> _Problem description_
Beginning with the line below that contains "坏人吉他谱 - 方佟痘 - 吉他弹唱谱 - 和弦谱" and ending with the line that contains "Contemplative woman seated", retype every line exactly. Pictures are not copied.

───── Records to process ─────

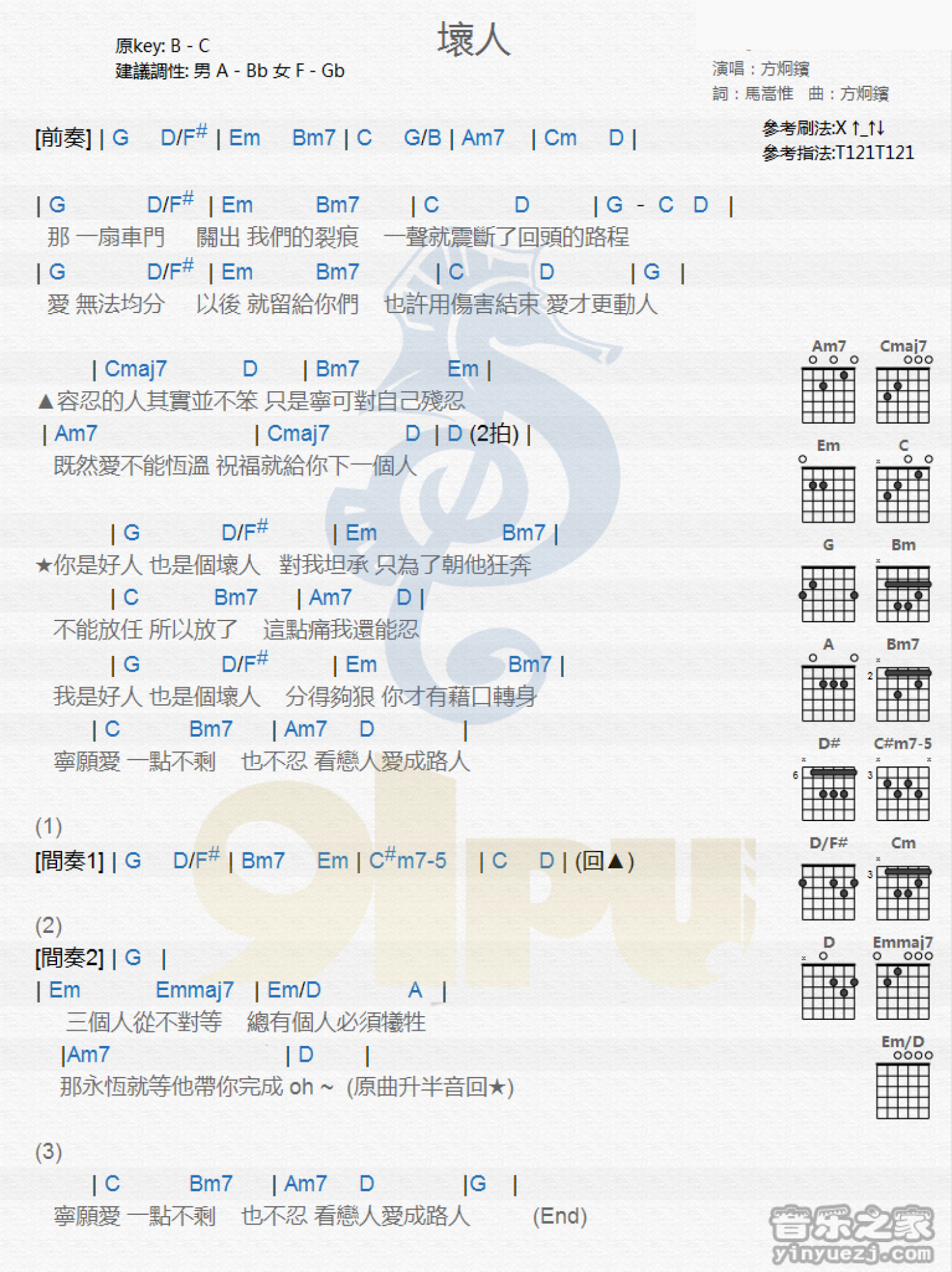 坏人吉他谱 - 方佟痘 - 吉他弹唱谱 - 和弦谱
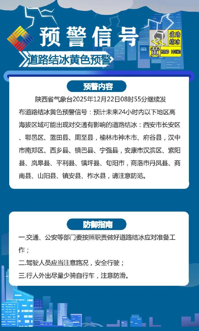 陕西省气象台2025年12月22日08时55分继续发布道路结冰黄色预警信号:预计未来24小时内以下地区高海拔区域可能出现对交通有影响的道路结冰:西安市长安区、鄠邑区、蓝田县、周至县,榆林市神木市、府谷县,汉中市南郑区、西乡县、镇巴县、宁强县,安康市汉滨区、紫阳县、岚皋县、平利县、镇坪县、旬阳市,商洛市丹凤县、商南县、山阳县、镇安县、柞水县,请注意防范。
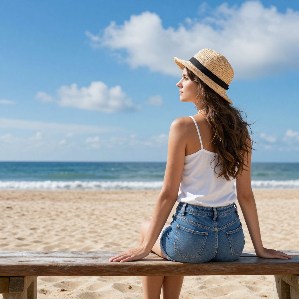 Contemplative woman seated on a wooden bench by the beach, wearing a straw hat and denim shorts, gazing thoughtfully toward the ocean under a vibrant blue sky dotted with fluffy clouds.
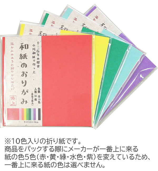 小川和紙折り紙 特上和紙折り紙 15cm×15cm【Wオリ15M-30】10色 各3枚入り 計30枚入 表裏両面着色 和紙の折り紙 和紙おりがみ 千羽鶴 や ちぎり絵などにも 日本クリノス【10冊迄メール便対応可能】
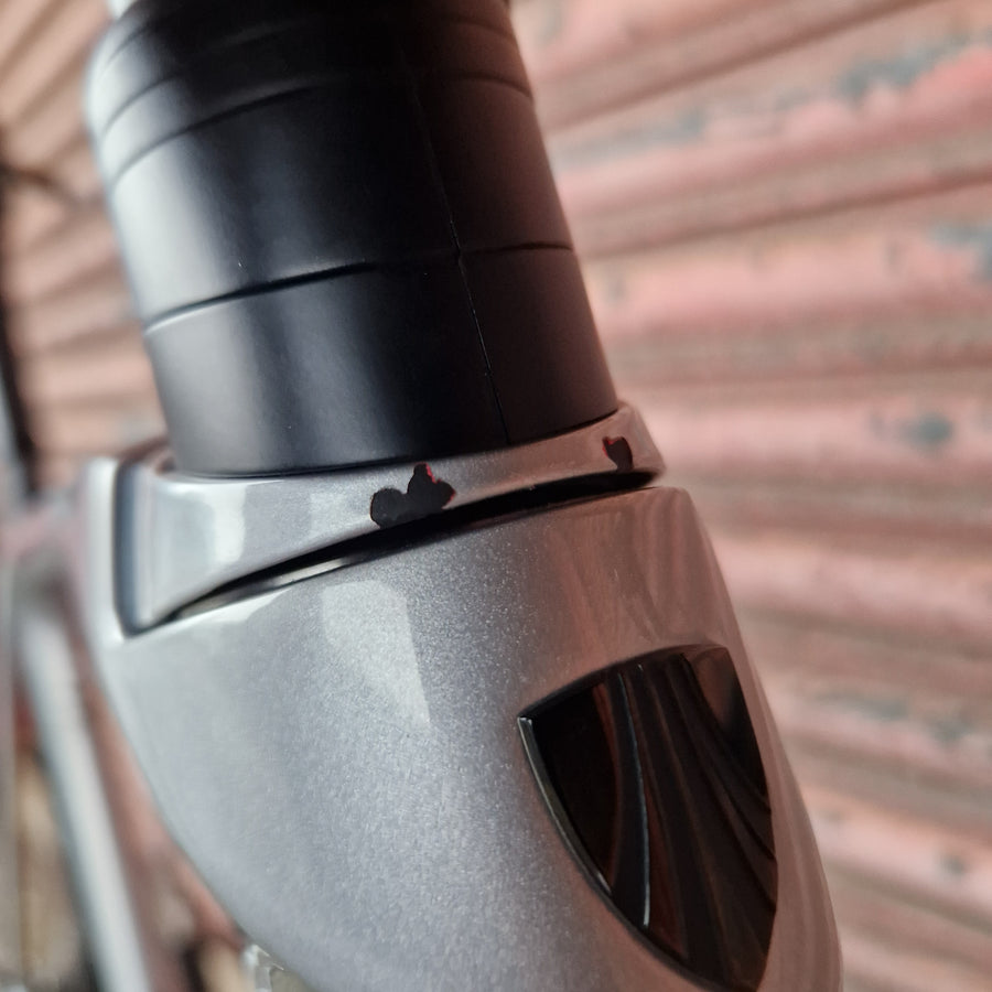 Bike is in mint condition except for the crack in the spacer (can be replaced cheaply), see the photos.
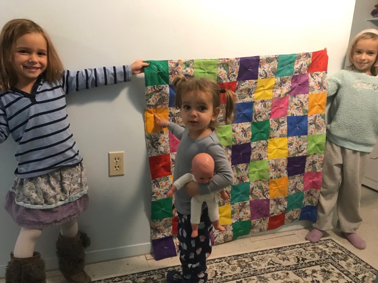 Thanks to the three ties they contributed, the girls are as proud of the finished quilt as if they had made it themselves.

─────
───── Records to process ─────

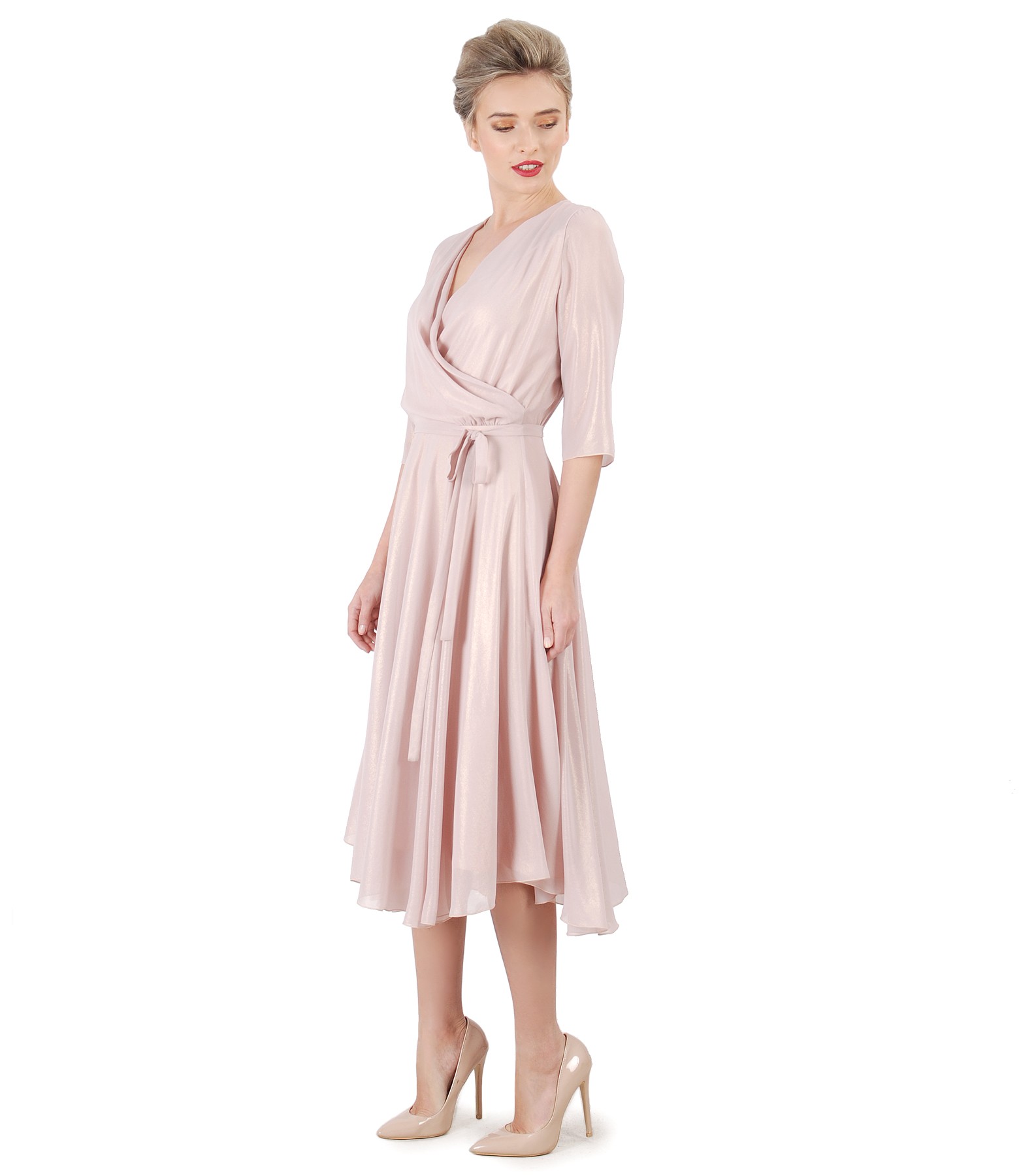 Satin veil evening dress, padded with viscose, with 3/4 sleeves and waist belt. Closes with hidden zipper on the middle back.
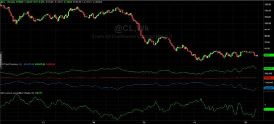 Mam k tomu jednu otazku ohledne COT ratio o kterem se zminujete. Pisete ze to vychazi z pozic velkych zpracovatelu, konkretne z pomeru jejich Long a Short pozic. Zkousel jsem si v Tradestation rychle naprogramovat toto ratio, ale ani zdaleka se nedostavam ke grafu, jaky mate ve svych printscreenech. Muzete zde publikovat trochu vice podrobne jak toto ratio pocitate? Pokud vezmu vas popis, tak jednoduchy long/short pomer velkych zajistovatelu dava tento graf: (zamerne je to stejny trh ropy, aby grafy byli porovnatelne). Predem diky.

─────

> _Answer_
 坏人吉他谱 - 方佟痘 - 吉他弹唱谱 - 和弦谱
 陕西省气象台2025年12月22日08时55分继续发布道路结冰黄色预警信号:预计未来24小时内以下地区高海拔区域可能出现对交通有影响的道路结冰:西安市长安区、鄠邑区、蓝田县、周至县,榆林市神木市、府谷县,汉中市南郑区、西乡县、镇巴县、宁强县,安康市汉滨区、紫阳县、岚皋县、平利县、镇坪县、旬阳市,商洛市丹凤县、商南县、山阳县、镇安县、柞水县,请注意防范。
 Contemplative woman seated on a wooden bench by the beach, wearing a straw hat and denim shorts, gazing thoughtfully toward the ocean under a vibrant blue sky dotted with fluffy clouds.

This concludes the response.